The events as they are told are completely unfounded. I have been working with the FBI from the onset in an attempt to apprehend this known extortionist and his daughter. In the end, my client will be vindicated and due to the continuing legal nature of this case, I have no further comments at this time.

An affidavit by FBI Special Agent Dustin Sorrells said this about the case:

Laura Edwards and the athlete had an "encounter" on September 29 and she left messages for him in late October or early November. He had a friend call back. That friend's message was returned by George Edwards, who met with the friend and said his daughter was pregnant and wanted money.

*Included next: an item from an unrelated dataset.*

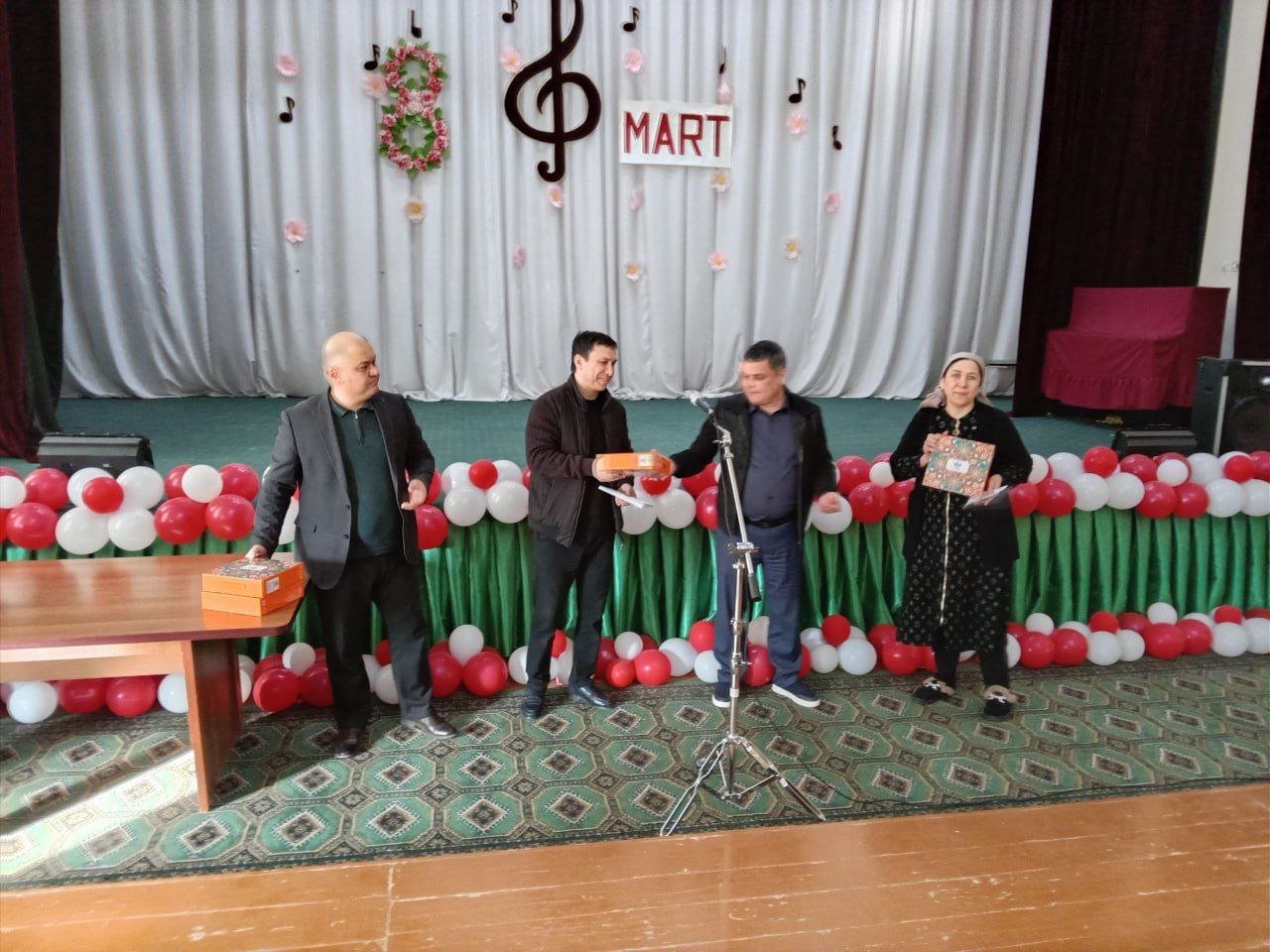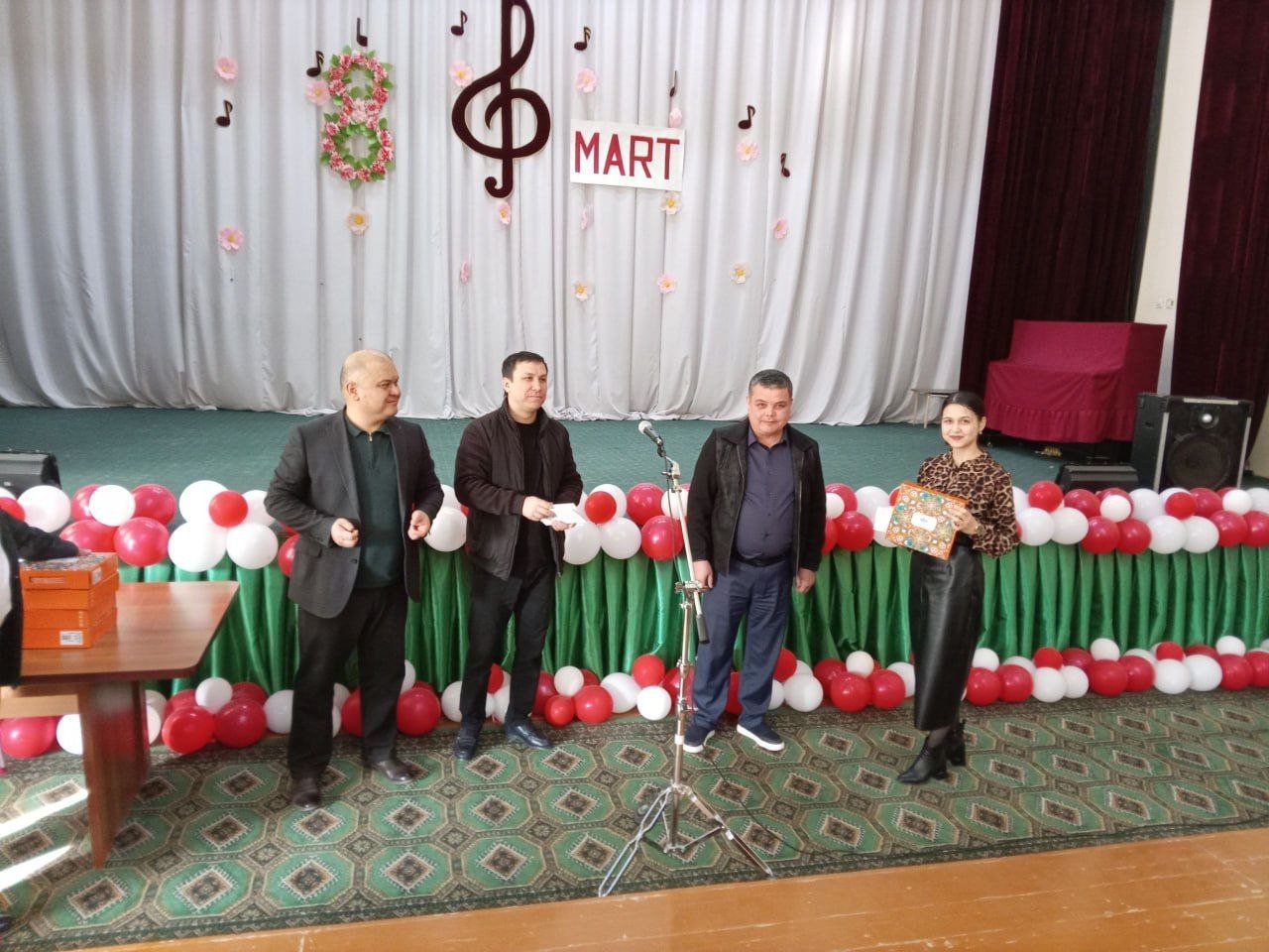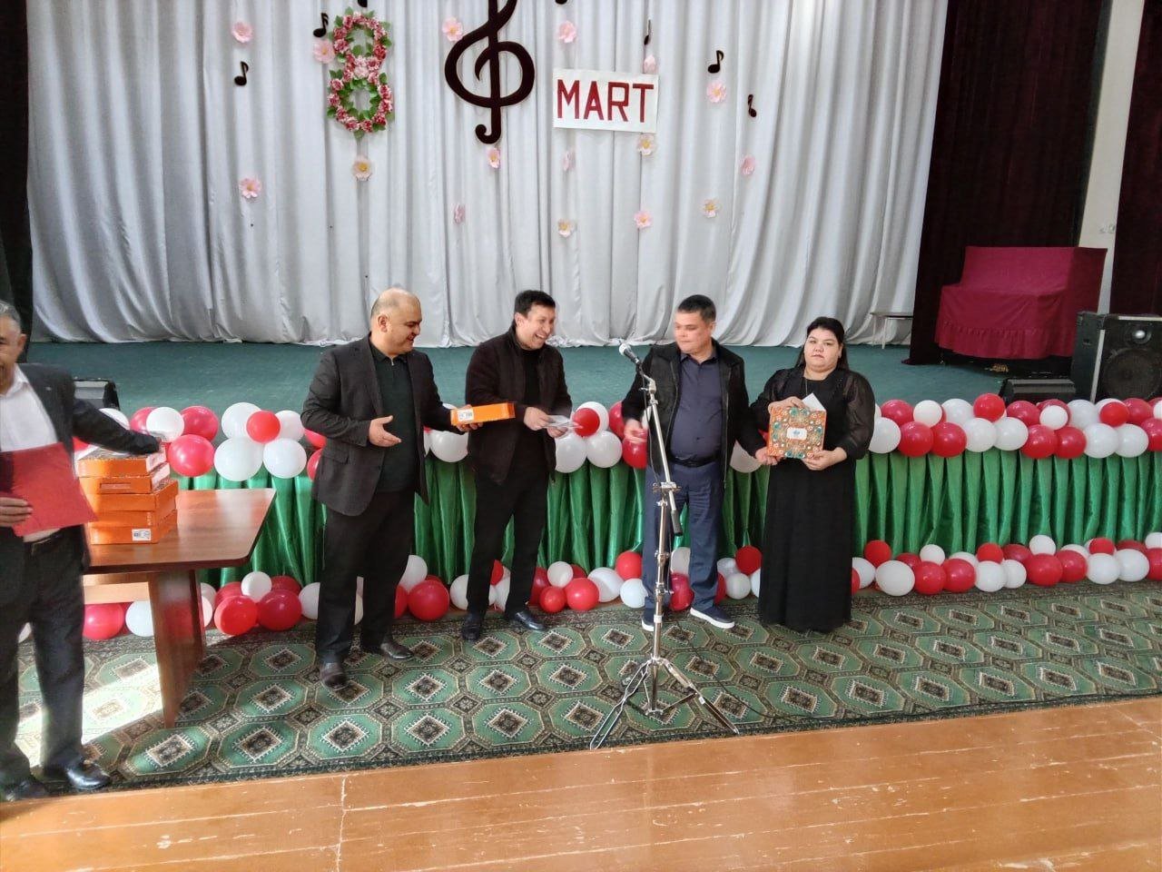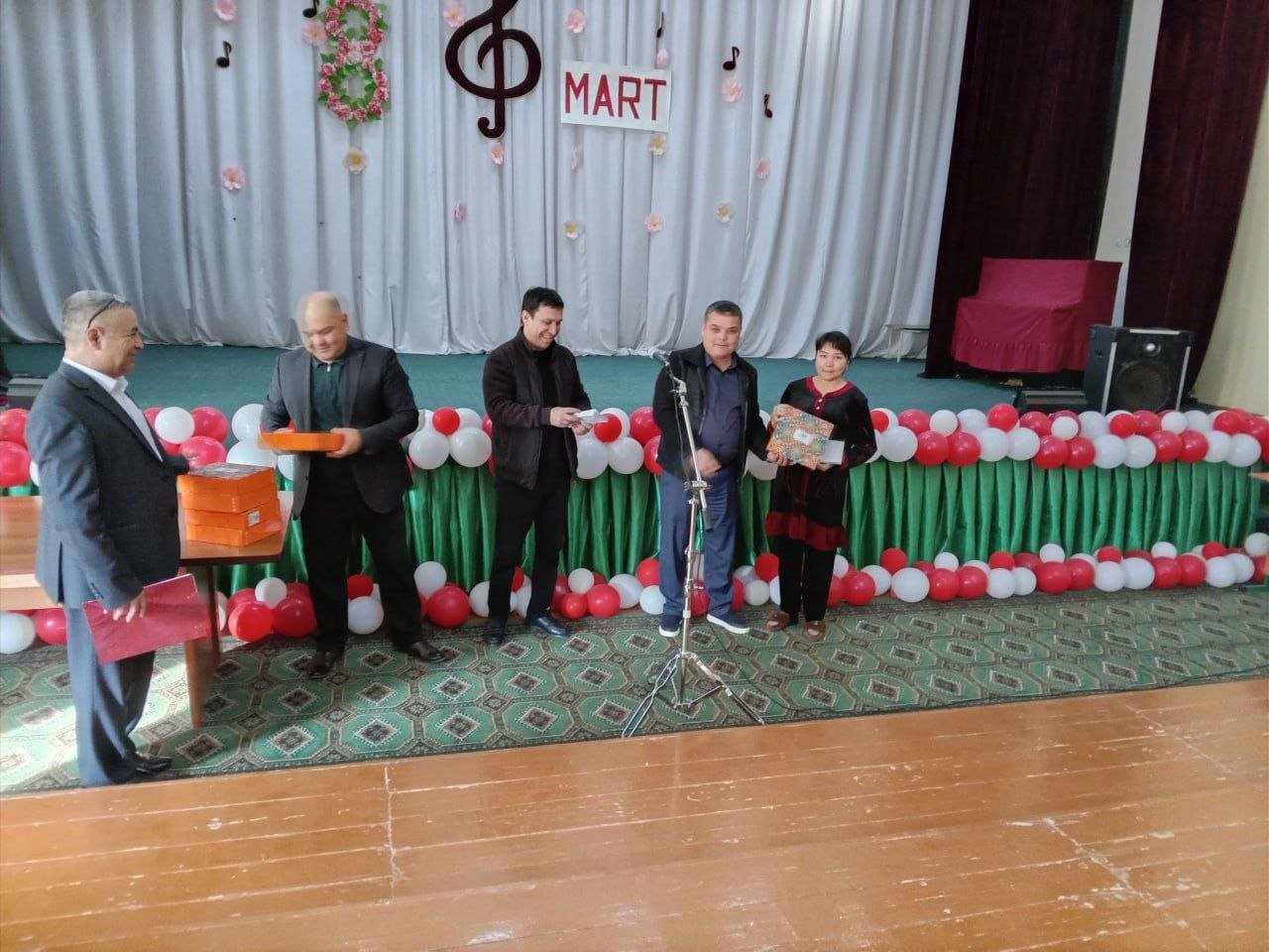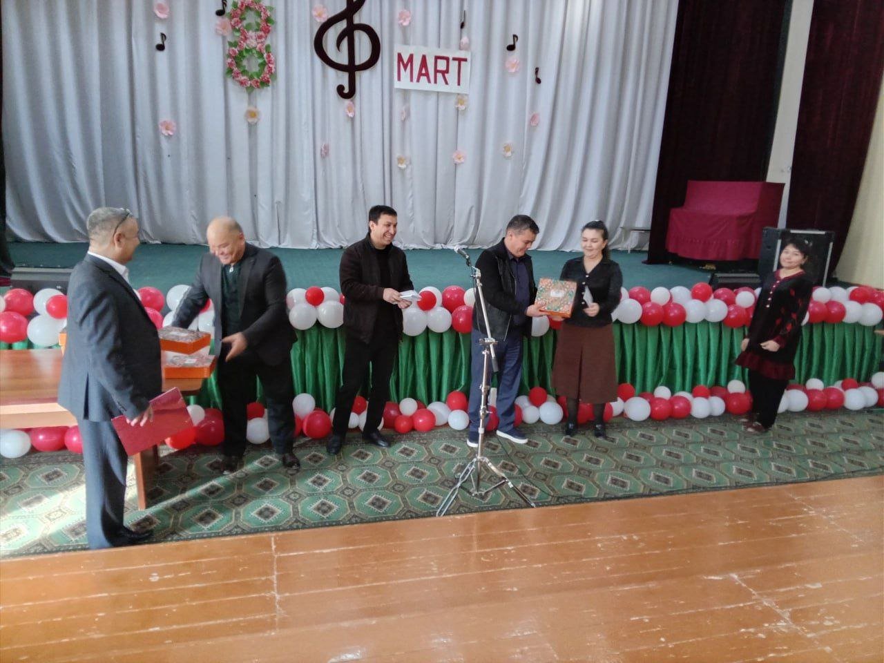 Bayram tadbiri ochilishida maktabimizni erkaklar jamoasi tomonidan tashkil etilgan bayram sovg‘alari maktabdagi barcha maftunkor xotin-qizlarga kirib kelayotgan bayram munosabati bilan chin dildan tabriklandi va topshirildi.

The friend offered several thousand dollars. Later in November, a sports agent worked out a deal to pay $25,000 for a paternity test, and $125,000 more if the child was the athlete's.

George Edwards and a different sports agent met Jan. 5 at a hotel near Lambert Field, where the agent gave George Edwards $25,000 cash.

George Edwards admitted to hatching the scheme in court documents and was sentenced by U.S. District Judge Catherine Perry to one year and one day in prison. It was less than the recommended range of 21 to 27 months, based on Edwards' past criminal convictions. Perry said she considered the case's unusual circumstances.